One Santa Fe, the first of several planned megacomplexes to open in the Arts District, has faced similar problems, although they're at least moving in the right direction. Leases have been signed—tenants will include Grow, a small, upscale market; Café Gratitude, the upscale vegan restaurant that may or may not be a little culty; and Malin + Goetz, an upscale cosmetics line—but it's already been five months since move-ins began, and none of the spaces are even close to being finished, let alone opened. With more than a thousand new units, a fancy shopping center, and multiple redeveloped warehouses opening in the next few years, the amount of retail space in the formerly industrial Arts District is about explode.
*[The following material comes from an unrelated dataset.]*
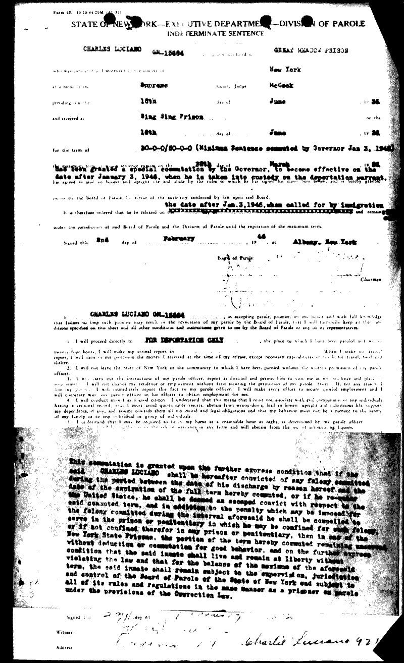 - Governor Thomas E. Dewey commutes Lucania's sentence "upon the express condition that the said Charles Luciano be deported forthwith and shall not thereafter re-enter the United States. (Parole, Herlands)

If it's taken this long to fill these few spaces, and at a time when One Santa Fe faces no competition for tenants, what happens a couple years down the line, when there's 20,000 vacant square feet on every block between First and Seventh?
Apartment rents may be sky-high, but these Downtown neighborhoods are still evolving as residential zones. Bars and coffee shops abound, but the basics—grocery stores, convenience stores, dry cleaners, post offices, etc.—are lacking. As has been made abundantly clear, mixed-use developments, generally with a combination of housing and retail, are en vogue at the moment, popping up all across the city. On paper, they make sense: fairly dense, fairly cheap, fairly supplied with amenities. But without retail tenants actually moving in, it all falls apart—residents are still forced to travel (presumably by car) to meet their needs, streets remain unactivated, workarounds are built to keep residents off the street, and potential retailers are scared off for lack of business. It's the Geoff Palmer vicious circle; the retail spaces in his enormous fauxtalian fortresses are rarely occupied.
If they're going to build all this space, developers need to work harder to be sure they can fill it. They should also focus on bringing in the necessities however they can, even if that means dropping rents. It may not be as exciting as the next Café Gratitude or Blue Bottle, but everyone needs a screwdriver at some point. Likewise, residents should be demanding this stuff. There's time to make corrections, but probably not a lot of time. This period of rapid change in Los Angeles can only last so long. —Ian Grant
· Inside Ava Little Tokyo, Where Rents Start at $2,190 a Month [Curbed LA]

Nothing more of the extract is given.